I will share the concept and applications of “hacker statistics”, an approach for statistical inference. I first try to identify its definition, and then present several examples that apply it. It is considered a quite versitile tool, although there remain a number of questions to study further.
What is hacker statistics? My online search did not bring much information on it, and it looks like there is no established definition. But heavily influenced by Justin Bois’s tutorial[1], I understand it as “simulating data acquisition under an assumption to find the probability of an aspect of interest.” So, next, I will present examples found in Justin Bois’s tutorial[1].
Examples
What is the probability of getting 4 heads when a coin with probability 0.5 of heads is tossed 4 times?
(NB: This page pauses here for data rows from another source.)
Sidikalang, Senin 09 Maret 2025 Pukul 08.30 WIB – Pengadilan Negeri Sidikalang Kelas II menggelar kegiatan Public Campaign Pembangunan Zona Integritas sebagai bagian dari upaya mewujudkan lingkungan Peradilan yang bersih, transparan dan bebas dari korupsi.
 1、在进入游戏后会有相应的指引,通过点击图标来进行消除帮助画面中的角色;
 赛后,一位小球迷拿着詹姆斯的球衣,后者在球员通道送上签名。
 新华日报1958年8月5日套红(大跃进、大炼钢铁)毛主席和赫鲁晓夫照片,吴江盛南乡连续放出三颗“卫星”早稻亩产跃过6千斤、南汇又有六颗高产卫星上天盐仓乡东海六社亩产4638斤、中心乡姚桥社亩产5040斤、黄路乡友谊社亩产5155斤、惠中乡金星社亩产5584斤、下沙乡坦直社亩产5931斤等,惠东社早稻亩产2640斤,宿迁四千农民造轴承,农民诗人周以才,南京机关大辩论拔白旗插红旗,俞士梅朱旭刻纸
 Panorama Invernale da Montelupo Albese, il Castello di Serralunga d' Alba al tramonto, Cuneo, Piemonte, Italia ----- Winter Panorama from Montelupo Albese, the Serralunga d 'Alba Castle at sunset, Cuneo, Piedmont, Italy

To get an answer to it following the spirit of hacker stats, we do a lot of 4-flip trial recording the number of heads each trial to get an answer, rather than rely on any formula. But, instead of manually doing it, we can realize a lot of coin flipping using a random number generator and for loop. The below code generates 10000 repeats of the 4-flip trial, counting the number of heads. We get the number of trials with 4 heads, and finally the probability of getting 4 heads in 4 tosses.
# Code from [1]
n_all_heads = 0 # Count number of 4-head trials
for n in range(10000): # 10000 repeats of the four flip trials
heads = np.random.random(size = 4) < 0.5
n_heads = np.sum(heads)
if n_heads == 4: # If a given trial has four heads, increase the count
n_all_heads += 1
n_all_heads / 10000 # What is the probability of getting all four heads?
What is the confidence interval of a sample?
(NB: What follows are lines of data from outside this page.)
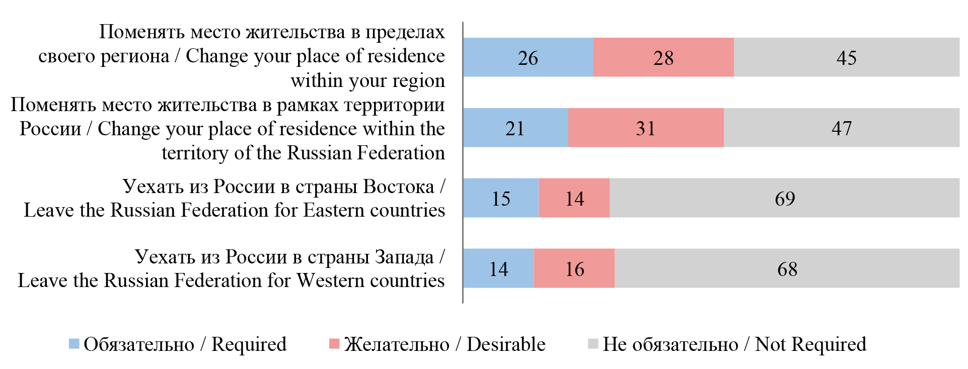 В свои миграционные планы включают желание переместится в пределах своего региона 26 % молодежи, такая ситуация объяснима в том числе и с точки зрения безопасности: молодые люди вынуждены переезжать из приграничных зон на более безопасные территории. Как обязательный миграционный выбор для себя изменить место жительство по территории России указали 21 %. В случае острой обстановки с выездом молодежи из провинциальных регионов важное значение имеет и ответ «желательно», который дали 31 % респондентов (рис. 6).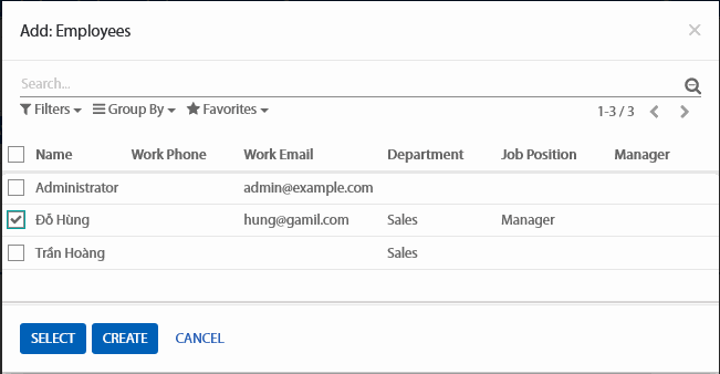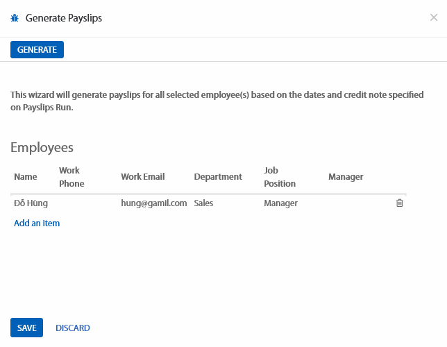 Nhấp chuột vào nút tạo sẽ cho phép bạn chọn các nhân viên mà bạn muốn tạo ra phiếu lương.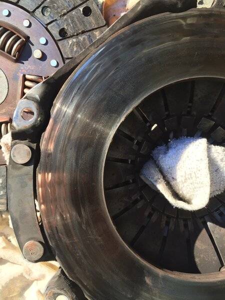 Mine wasn't that bad looking, but a quick lick with a 60 grit disc and it's as rock solid as it was in '79! Faced the OE flywheel in my old Forward lathe and then gave it the same cross hatch treatment with the flap wheel while rotating in the lathe.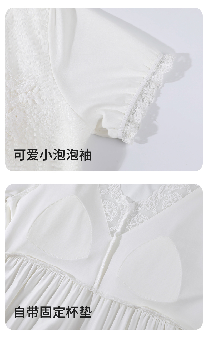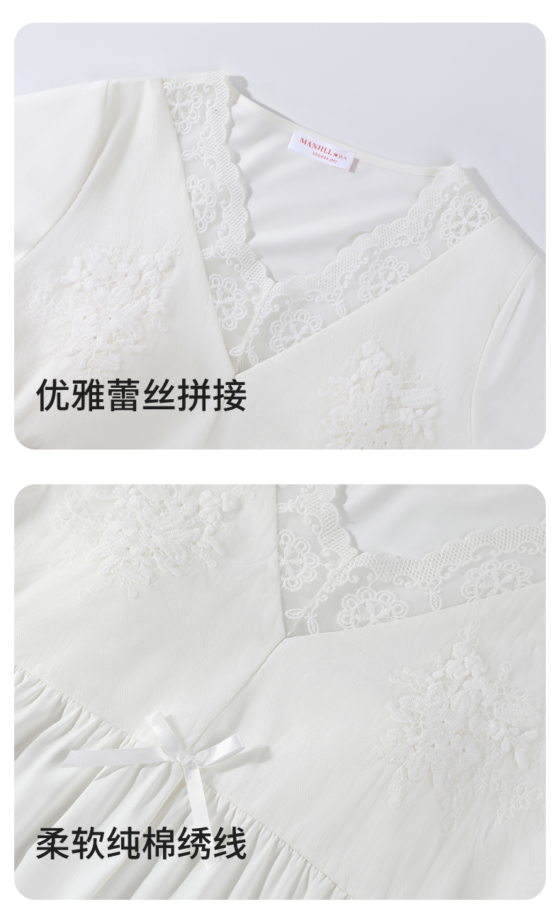 【商场同款】熳洁儿 女士家居服睡裙棉莱卡短袖连衣裙V领甜美公主风24203232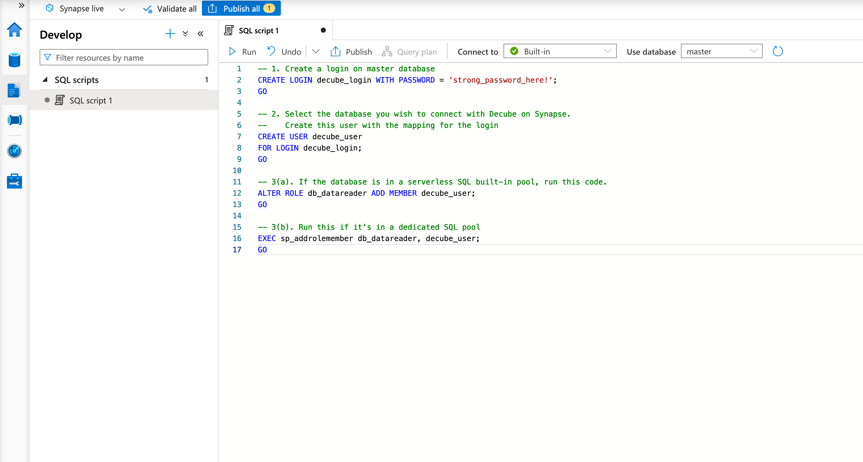 1. Select the master database on the `Use database` drop-down and create this login, we recommend calling it `decube_login` .

Suppose we have an observed data set of the rainfall amount in millimeters ([122.1, 69.8, 29.6, …, 65.8, 58.2, 130.4]). To get a confidence interval of the mean using hacker stats, we need to be able to simulate repeated measurements, and here comes ‘bootstrapping’, sampling a dataset with replacement.
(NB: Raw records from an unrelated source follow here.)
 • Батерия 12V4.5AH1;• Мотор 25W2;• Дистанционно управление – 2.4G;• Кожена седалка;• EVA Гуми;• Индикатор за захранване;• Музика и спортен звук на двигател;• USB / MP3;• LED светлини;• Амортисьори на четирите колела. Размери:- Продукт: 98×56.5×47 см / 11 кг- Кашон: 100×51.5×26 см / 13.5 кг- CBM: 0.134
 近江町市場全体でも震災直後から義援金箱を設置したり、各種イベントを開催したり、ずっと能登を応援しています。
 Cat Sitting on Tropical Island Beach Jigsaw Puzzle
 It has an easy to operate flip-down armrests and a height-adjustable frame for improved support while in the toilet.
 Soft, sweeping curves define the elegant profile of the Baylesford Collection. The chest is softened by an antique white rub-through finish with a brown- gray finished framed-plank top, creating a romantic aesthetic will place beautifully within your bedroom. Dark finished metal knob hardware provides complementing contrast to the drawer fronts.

The below code implements bootstrapping using np.random.choice()
in a for loop. It generates 10000 samples, and calculates the mean of each of them. That is, a sampling distribution of the mean is made, and a confidence interval is found by looking at 2.5 and 97.5th percentiles.
bs_replicates = np.empty(10000)
for i in range(10000):
# Generate a bootstrap sample
bs_sample = np.random.choice(rainfall, size = len(rainfall)) # Resampling engine
bs_replicates[i] = np.mean(bs_sample)
# 95 percent confidence interval
conf_int = np.percentile(bs_replicates, [2.5, 97.5])
Is the amount of rainfall in November and June different?
Suppose we have a dataset, a record of the amount of rainfall during November and June. To see if these months have different amount of rainfall indeed, we set the following hypothesis to test:
\[H_0: \mu_{nov} = \mu_{jun}\newline H_1: \mu_{nov} \not = \mu_{jun}\]To do the test with hacker stats, we need to generate many sets of data considering the null hypothesis is true. As a simulation method, there is permutation resampling: merge the two data sets, and iteratively divide the all values into two groups of the same sizes as the two data sets, in every possible way (every possible permutation)[2]. For each iteration, the difference of the two groups’ means is calculated, and we finally check where the observed difference locates in the distribution of these simulated differences.
diff_observed = np.mean(rain_june) - np.mean(rain_november)
perm_replicates = np.empty(10000)
for i in range(10000): # 10000 iterations
# Generate a permutation sample
perm_sample_1, perm_sample_2 = permutation_sample(rain_june, rain_november)
# Compute the test statistic
perm_replicates[i] = np.mean(perm_sample_1) - np.mean(perm_sample_2)
# Plot the histogram
plt.hist(perm_replicates, density=True)
plt.xlabel('Mean difference')
plt.ylabel('PDF')
# Plot vertical lines at the absolute of the observed difference and negative to it
plt.axvline(np.abs(diff_observed), color = 'r')
plt.axvline(np.abs(diff_observed)*-1, color = 'r')
empirical_diff_means = np.mean(rain_november) - np.mean(rain_june)
p = np.sum(perm_replicates >= empirical_diff_means) / len(perm_replicates)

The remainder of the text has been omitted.